The result should be the listing below restated word for word, with images left out.

DATA SECTION.
· · · ·

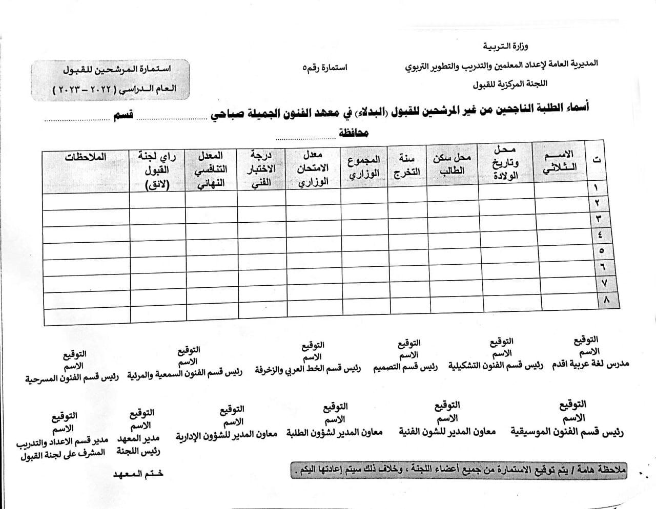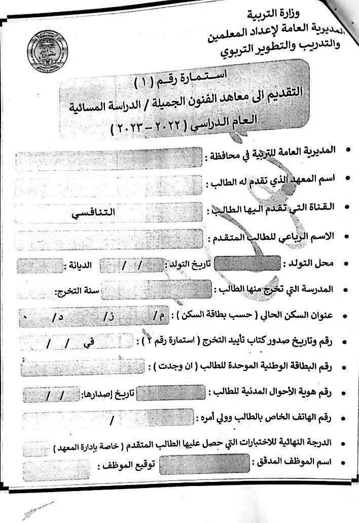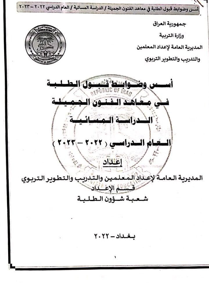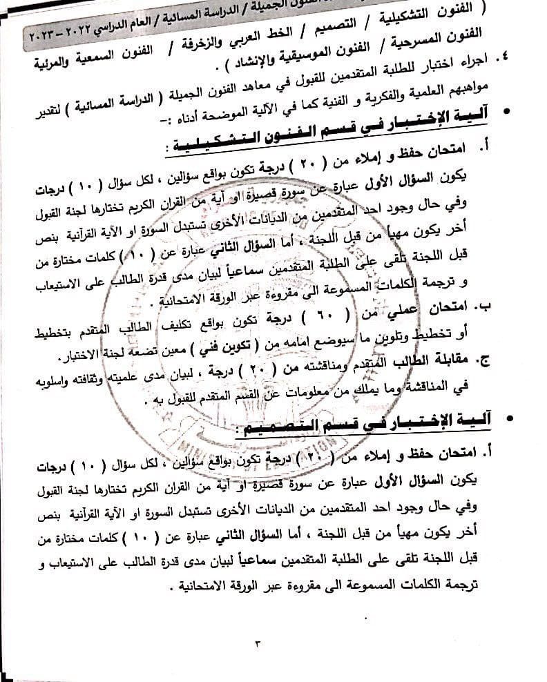 وأشارت المديرية العامة لأعداد المعلمين والتدريب والتطوير التربوي، بحسب البيان، إلى “السماح لجميع الطلبة التقديم على معاهد الفنون الجميلة الدراسة (المسائية) شرط أن يكون خريج الدراسة المتوسطة الاكاديمية أو المهنية أو ما يعادلها بموجب “معادلة الشهادة” بغض النظر عن المعدل والدور وسنة التخرج والعمر، كما يحق لجميع موظفي الدولة من خريجي الدراسة المتوسطة التقديم أيضاً لغرض اكمال دراستهم ضمن الاختصاصات الفنية الآتية :-(الفنون التشكيلية ، التصميم ، الخط العربي والزخرفة ، الفنون السمعية والمرئية ، الفنون المسرحية ، الفنون الموسيقية والانشاد)؛ إذ تكون درجة النجاح الصغرى الخاصة باختبار تلك الاختصاصات هي (60)%”.
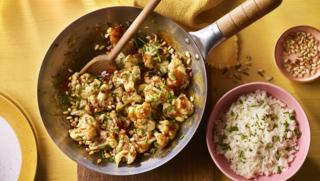 Ching He Huang’s wok-fried cauliflower is made with honey, soy sauce, hoisin and pine nuts. Use golden syrup or agave syrup instead of honey to make this vegan.
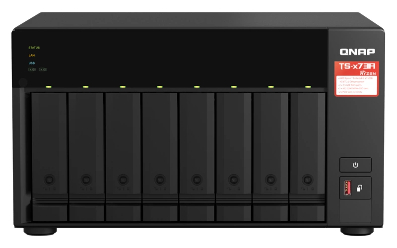 • NAS-server QNAP TS-873A | CPU: AMD Ryzen V1500B RAM: 8GB | 2x 2.5GB RJ-45, 4x USB 3.2 Gen 2 | Garantie 3 jaar
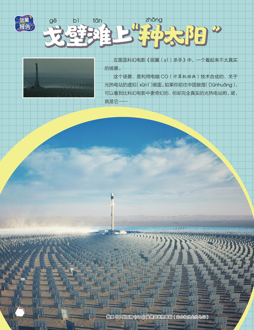 这个场景,是利用电脑CG(计算机动画)技术合成的、关于光热电站的虚拟(xOnJ)画面。如果你前往中国敦煌(DOnhuWng),可以看到比科幻电影中更奇幻的,但却完全真实的光热电站哟。喏,就是它——

· · · ·

RESULT BELOW.
 وأشارت المديرية العامة لأعداد المعلمين والتدريب والتطوير التربوي، بحسب البيان، إلى “السماح لجميع الطلبة التقديم على معاهد الفنون الجميلة الدراسة (المسائية) شرط أن يكون خريج الدراسة المتوسطة الاكاديمية أو المهنية أو ما يعادلها بموجب “معادلة الشهادة” بغض النظر عن المعدل والدور وسنة التخرج والعمر، كما يحق لجميع موظفي الدولة من خريجي الدراسة المتوسطة التقديم أيضاً لغرض اكمال دراستهم ضمن الاختصاصات الفنية الآتية :-(الفنون التشكيلية ، التصميم ، الخط العربي والزخرفة ، الفنون السمعية والمرئية ، الفنون المسرحية ، الفنون الموسيقية والانشاد)؛ إذ تكون درجة النجاح الصغرى الخاصة باختبار تلك الاختصاصات هي (60)%”.
 Ching He Huang’s wok-fried cauliflower is made with honey, soy sauce, hoisin and pine nuts. Use golden syrup or agave syrup instead of honey to make this vegan.
 • NAS-server QNAP TS-873A | CPU: AMD Ryzen V1500B RAM: 8GB | 2x 2.5GB RJ-45, 4x USB 3.2 Gen 2 | Garantie 3 jaar
 这个场景,是利用电脑CG(计算机动画)技术合成的、关于光热电站的虚拟(xOnJ)画面。如果你前往中国敦煌(DOnhuWng),可以看到比科幻电影中更奇幻的,但却完全真实的光热电站哟。喏,就是它——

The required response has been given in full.